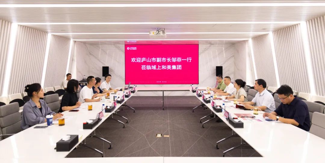 何平副董事長(zhǎng)對(duì)鄒菲副市長(zhǎng)一行的到訪表示熱烈歡迎,并介紹了域上和美集團(tuán)發(fā)展概況和戰(zhàn)略規(guī)劃布局。他談到,廬山市作為享譽(yù)國(guó)際的人文旅游勝地,歷史文化璀璨,自然風(fēng)光綺麗,文旅資源稟賦獨(dú)特,擁有廣闊的文旅市場(chǎng)發(fā)展空間。域上和美集團(tuán)致力于中華優(yōu)秀傳統(tǒng)文化的創(chuàng)造性轉(zhuǎn)化和創(chuàng)新性發(fā)展,擅長(zhǎng)通過(guò)重大文旅IP的市場(chǎng)化開(kāi)發(fā)運(yùn)營(yíng),賦能旅游景區(qū)文化消費(fèi)和深度文旅體驗(yàn),引領(lǐng)帶動(dòng)區(qū)域整體發(fā)展。集團(tuán)期待進(jìn)一步加強(qiáng)與廬山市的溝通交流,探尋合作契機(jī)。
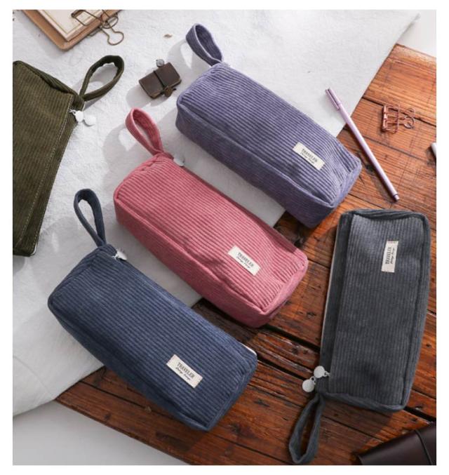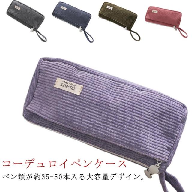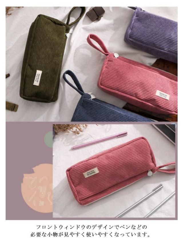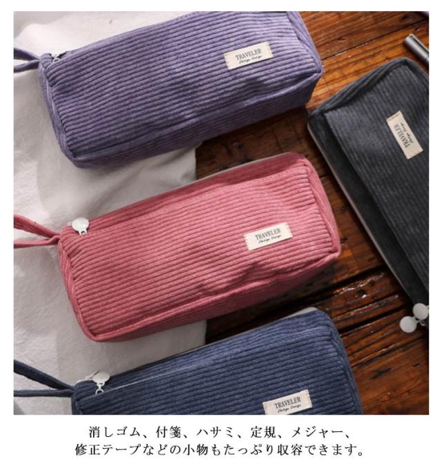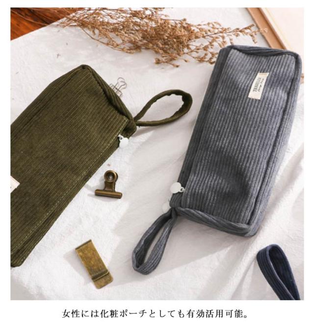 筆箱 コーデュロイ 大容量 ペンポーチ シンプル 学生 小学生 中学生 大学生 高校生 ペンケース コーデュロイペンケース ファスナー付き ハンドル付き ふで箱 ふでばこ シンプル かわいい 可愛い 男の子 女の子 文房具 筆記用具
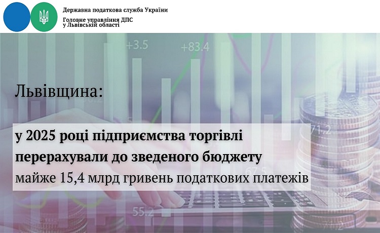 Львівщина: у 2025 році підприємства торгівлі перерахували до зведеного бюджету майже 15,4 млрд гривень податкових платежів
■ ■ ■ ■ ■ ■ ■
For this exercise, transcribe the data above line by line, exactly, with pictures omitted.

 何平副董事長(zhǎng)對(duì)鄒菲副市長(zhǎng)一行的到訪表示熱烈歡迎,并介紹了域上和美集團(tuán)發(fā)展概況和戰(zhàn)略規(guī)劃布局。他談到,廬山市作為享譽(yù)國(guó)際的人文旅游勝地,歷史文化璀璨,自然風(fēng)光綺麗,文旅資源稟賦獨(dú)特,擁有廣闊的文旅市場(chǎng)發(fā)展空間。域上和美集團(tuán)致力于中華優(yōu)秀傳統(tǒng)文化的創(chuàng)造性轉(zhuǎn)化和創(chuàng)新性發(fā)展,擅長(zhǎng)通過(guò)重大文旅IP的市場(chǎng)化開(kāi)發(fā)運(yùn)營(yíng),賦能旅游景區(qū)文化消費(fèi)和深度文旅體驗(yàn),引領(lǐng)帶動(dòng)區(qū)域整體發(fā)展。集團(tuán)期待進(jìn)一步加強(qiáng)與廬山市的溝通交流,探尋合作契機(jī)。
 筆箱 コーデュロイ 大容量 ペンポーチ シンプル 学生 小学生 中学生 大学生 高校生 ペンケース コーデュロイペンケース ファスナー付き ハンドル付き ふで箱 ふでばこ シンプル かわいい 可愛い 男の子 女の子 文房具 筆記用具
 Львівщина: у 2025 році підприємства торгівлі перерахували до зведеного бюджету майже 15,4 млрд гривень податкових платежів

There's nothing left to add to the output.